An unchanged copy of every record below, without pictures, is the goal.

# EXERCISE INPUT
--------

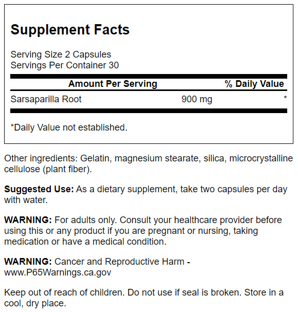 | Sarsaparilla (Smilax aristolochiifolia) (root) | 900 mg | * |
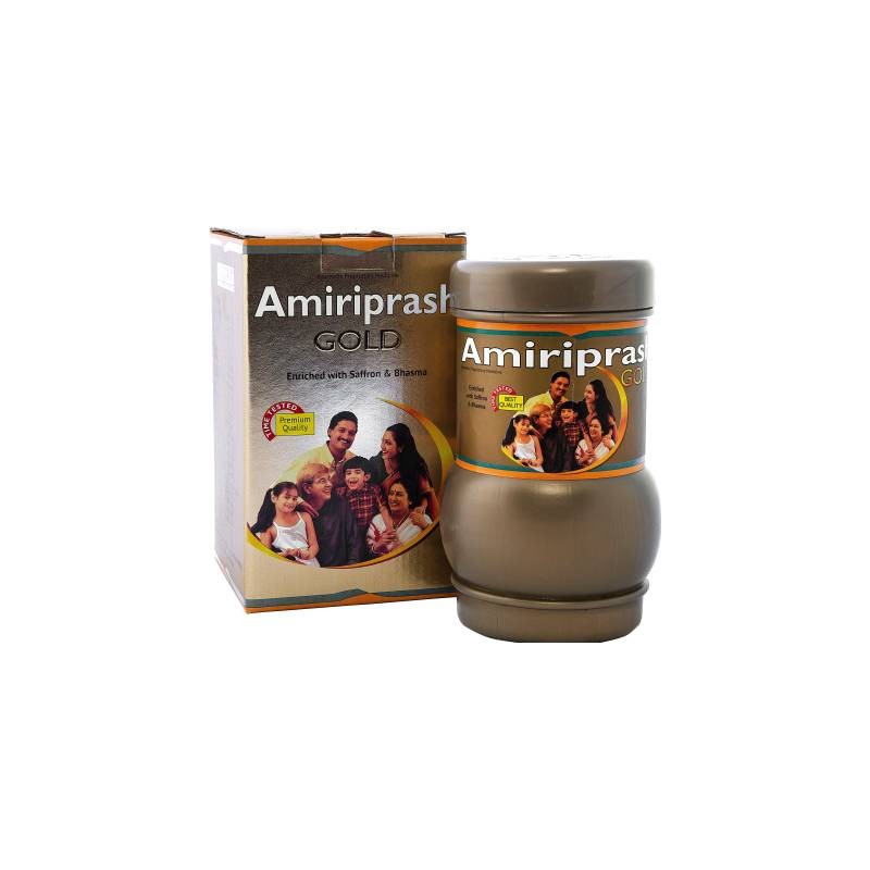 Amiriprash Gold contains all major tonic ingredients of classical Chyawanprash and is further enriched with potent wonder herbs, minerals, pure oxidized gold, silver and real saffron make it an ideal revitalize for body and mind. Amiriprash Gold is perfectly suitable for all age people to regenerate their strength.
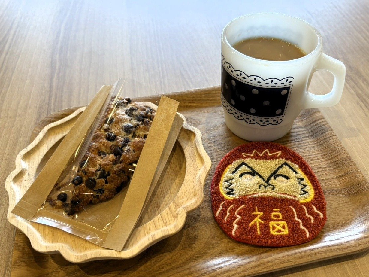 今回はチョコスコーンとカフェオレをいただきました。スコーンは温めてから出してくれて、焼きたての食感が楽しめました!
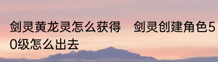 剑灵黄龙灵怎么获得 剑灵创建角色50级怎么出去
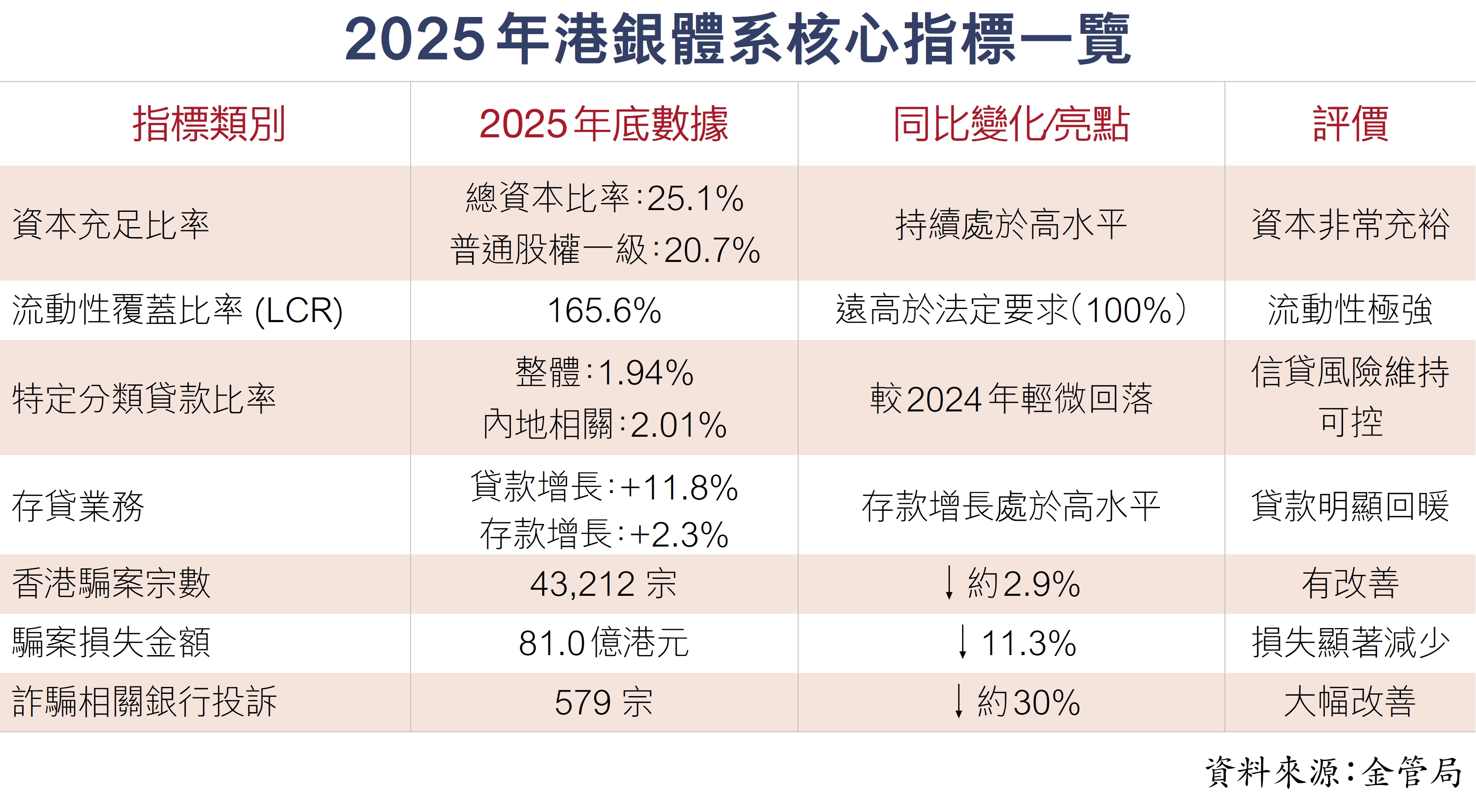 金管局昨公布《香港銀行體系:2025年回顧與2026年工作重點》,多項核心指標顯示本港銀行業在穩健基礎上持續向好,其中存貸業務表現良好,去年港銀存款總量增長逾11.8%,期內貸款更錄得3年收縮後首次反彈,按年升2.3%。雖然去年整體貸款的特定分類貸款比率升至2.01%,較2024年底擴大0.05個百分點,金管局副總裁阮國恒昨強調,港銀財務狀況穩健,商業房地產行業雖面臨挑戰,但撥備覆蓋充足,現時銀行不計抵押品的撥備覆蓋率約65%,計及抵押品變現價值的撥備覆蓋率已達150%,整體信貸風險完全可控。 ●香港文匯報記者 周紹基
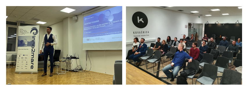 Na drugi delavnici smo gostili dr. Huga Zupana, direktorja podjetja Digiteh, ki je vodilno podjetje v Sloveniji na področju razvoja in implementacije digitalnih dvojčkov. Predstavil nam je koncept pametnih tovarn, ki postajajo vedno bolj pomembne in nujne, če podjetja želijo ohraniti konkurenčnost na globalnih trgih. Zaradi aktualnosti, pomembnosti, predvsem pa številnih nejasnosti v konceptih, pristopih in rešitvah v okviru pametnih tovarn, so raziskave na tem področju nujne in v zadnjih letih vse bolj številne tako v svetu, kot tudi v Sloveniji. S pomočjo digitalnih dvojčkov je omogočena hitra in učinkovita optimizacija proizvodnih procesov iz vidika postavitve resursov, materialnega toka ali avtomatičnega generiranja plana izvedbe naročil s pomočjo umetne inteligence in izvajanjem »kaj-če« scenarijev. Umetna inteligenca in digitalni dvojčki zasedajo osrednjo vlogo v inovativnih proizvodnih procesih in sistemih, kjer smo priča avtonomiji, ki postopoma nadomešča tradicionalno človeško vlogo in se povezuje z naprednimi digitalnimi platformami.

--------

# THE ANSWER
 | Sarsaparilla (Smilax aristolochiifolia) (root) | 900 mg | * |
 Amiriprash Gold contains all major tonic ingredients of classical Chyawanprash and is further enriched with potent wonder herbs, minerals, pure oxidized gold, silver and real saffron make it an ideal revitalize for body and mind. Amiriprash Gold is perfectly suitable for all age people to regenerate their strength.
 今回はチョコスコーンとカフェオレをいただきました。スコーンは温めてから出してくれて、焼きたての食感が楽しめました!
 剑灵黄龙灵怎么获得 剑灵创建角色50级怎么出去
 金管局昨公布《香港銀行體系:2025年回顧與2026年工作重點》,多項核心指標顯示本港銀行業在穩健基礎上持續向好,其中存貸業務表現良好,去年港銀存款總量增長逾11.8%,期內貸款更錄得3年收縮後首次反彈,按年升2.3%。雖然去年整體貸款的特定分類貸款比率升至2.01%,較2024年底擴大0.05個百分點,金管局副總裁阮國恒昨強調,港銀財務狀況穩健,商業房地產行業雖面臨挑戰,但撥備覆蓋充足,現時銀行不計抵押品的撥備覆蓋率約65%,計及抵押品變現價值的撥備覆蓋率已達150%,整體信貸風險完全可控。 ●香港文匯報記者 周紹基
 Na drugi delavnici smo gostili dr. Huga Zupana, direktorja podjetja Digiteh, ki je vodilno podjetje v Sloveniji na področju razvoja in implementacije digitalnih dvojčkov. Predstavil nam je koncept pametnih tovarn, ki postajajo vedno bolj pomembne in nujne, če podjetja želijo ohraniti konkurenčnost na globalnih trgih. Zaradi aktualnosti, pomembnosti, predvsem pa številnih nejasnosti v konceptih, pristopih in rešitvah v okviru pametnih tovarn, so raziskave na tem področju nujne in v zadnjih letih vse bolj številne tako v svetu, kot tudi v Sloveniji. S pomočjo digitalnih dvojčkov je omogočena hitra in učinkovita optimizacija proizvodnih procesov iz vidika postavitve resursov, materialnega toka ali avtomatičnega generiranja plana izvedbe naročil s pomočjo umetne inteligence in izvajanjem »kaj-če« scenarijev. Umetna inteligenca in digitalni dvojčki zasedajo osrednjo vlogo v inovativnih proizvodnih procesih in sistemih, kjer smo priča avtonomiji, ki postopoma nadomešča tradicionalno človeško vlogo in se povezuje z naprednimi digitalnimi platformami.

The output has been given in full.